■ WHAT YOU NEED TO DO ■
Copy everything in the data below exactly except the pictures.

■ PROVIDED DATA ■

* * *

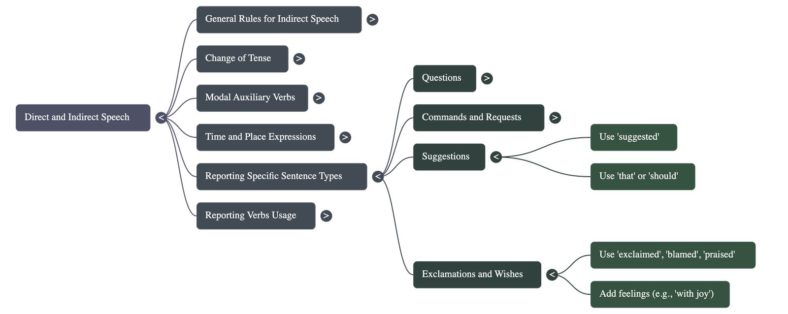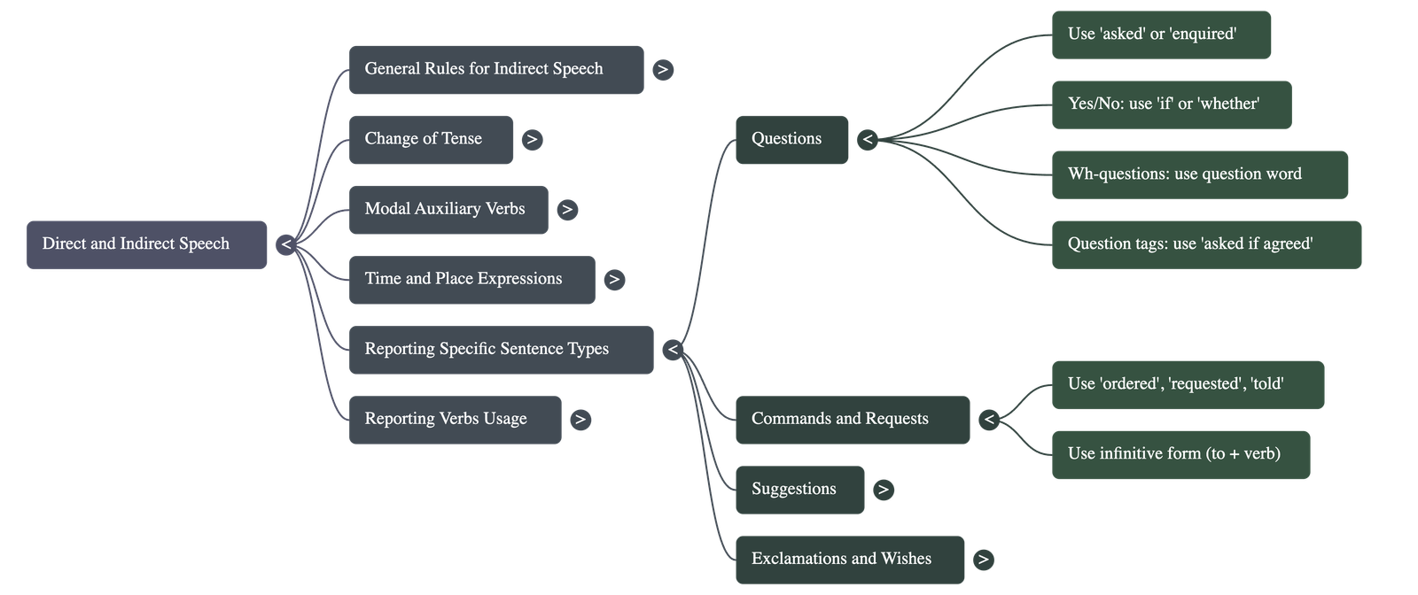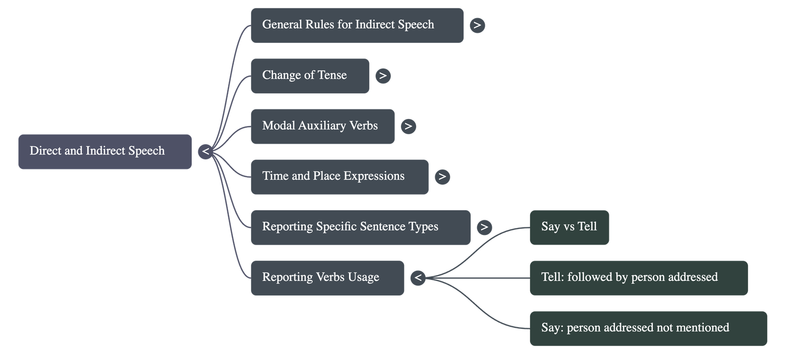 - Indirect (Reported) Speech: Reporting the substance of what was said without repeating the speaker's exact words.
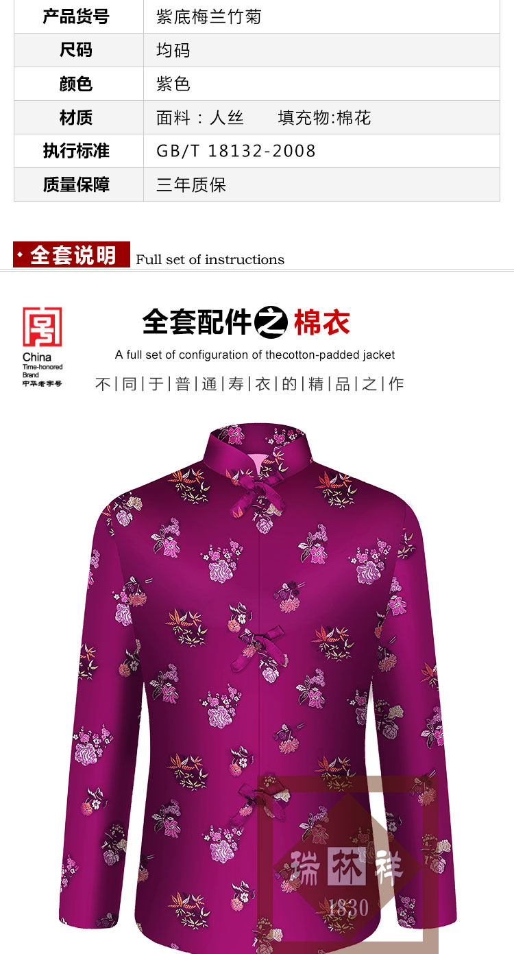 妈妈穿衣服很讲究的,我转遍了西安的很多寿衣店,这寿衣质量大同小异,都很差,我在网上找到这家叫瑞林祥的寿衣,北京的,还是一家百年老字号,我选好花色后,又提供了身高、体重、腰围等数据,付款发货,寿衣收到后,真是不错,家人满意。
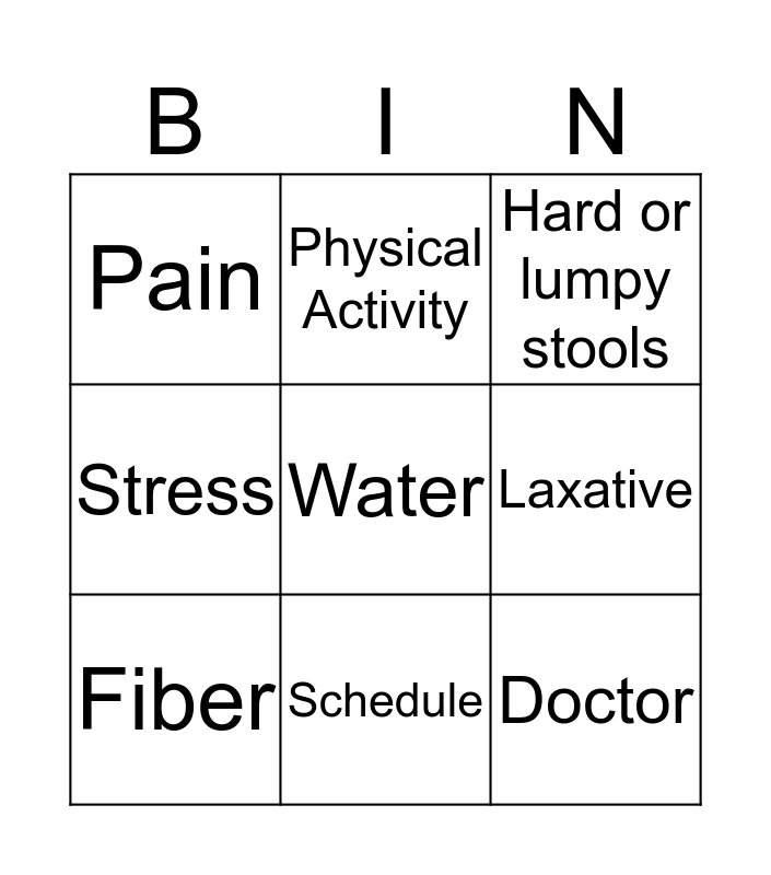 This bingo card has 10 words: Schedule, Hard or lumpy stools, Pain, Water, Stress, Fiber, Physical Activity, Sugar, Laxative and Doctor.
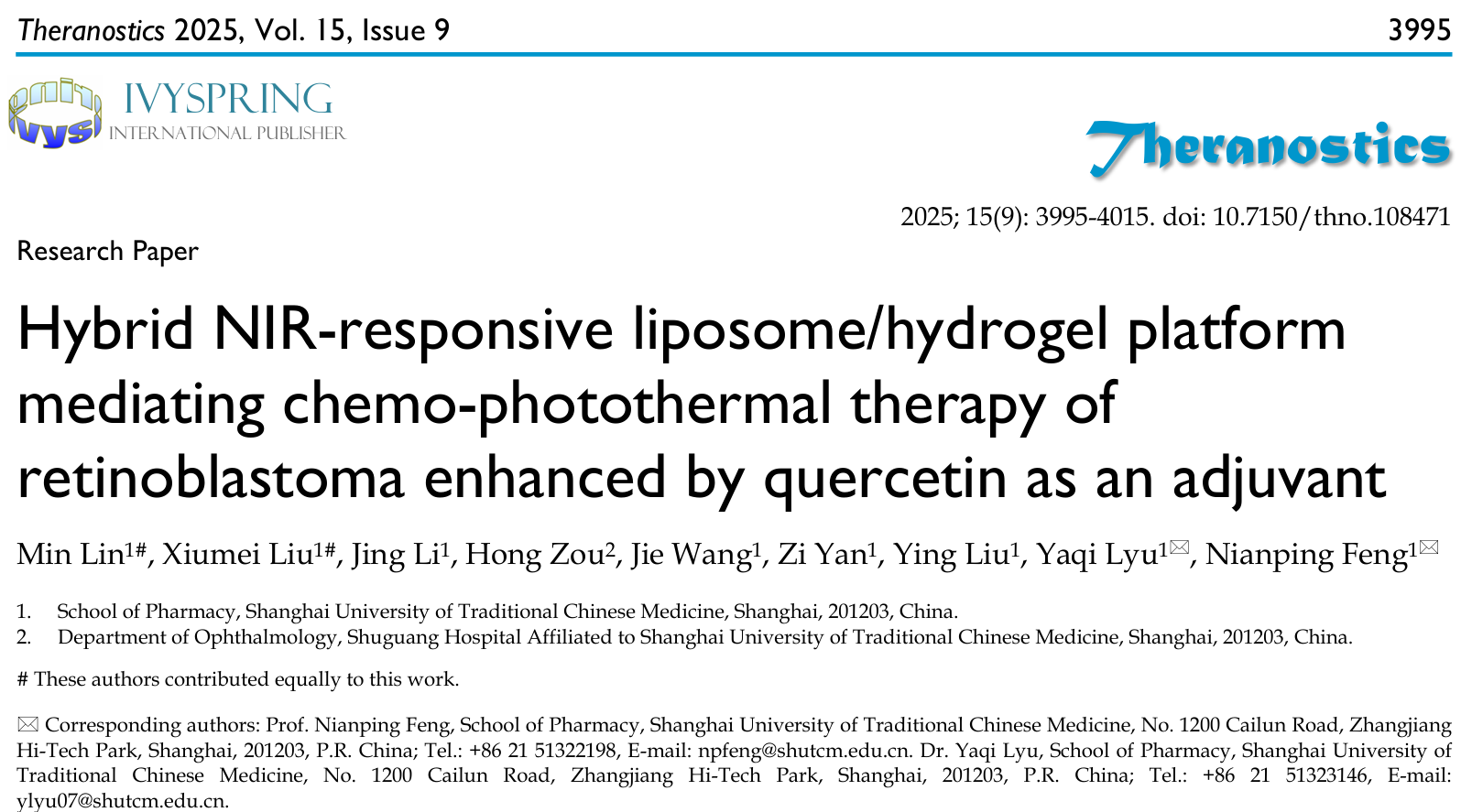 参考文献:Lin, M., Liu, X., Li, J., Zou, H., Wang, J., Yan, Z., Liu, Y., Lyu, Y., Feng, N. (2025). Hybrid NIR-responsive liposome/hydrogel platform mediating chemo-photothermal therapy of retinoblastoma enhanced by quercetin as an adjuvant. Theranostics, 15(9), 3995-4015.

* * *

■ TASK RESPONSE ■
 - Indirect (Reported) Speech: Reporting the substance of what was said without repeating the speaker's exact words.
 妈妈穿衣服很讲究的,我转遍了西安的很多寿衣店,这寿衣质量大同小异,都很差,我在网上找到这家叫瑞林祥的寿衣,北京的,还是一家百年老字号,我选好花色后,又提供了身高、体重、腰围等数据,付款发货,寿衣收到后,真是不错,家人满意。
 This bingo card has 10 words: Schedule, Hard or lumpy stools, Pain, Water, Stress, Fiber, Physical Activity, Sugar, Laxative and Doctor.
 参考文献:Lin, M., Liu, X., Li, J., Zou, H., Wang, J., Yan, Z., Liu, Y., Lyu, Y., Feng, N. (2025). Hybrid NIR-responsive liposome/hydrogel platform mediating chemo-photothermal therapy of retinoblastoma enhanced by quercetin as an adjuvant. Theranostics, 15(9), 3995-4015.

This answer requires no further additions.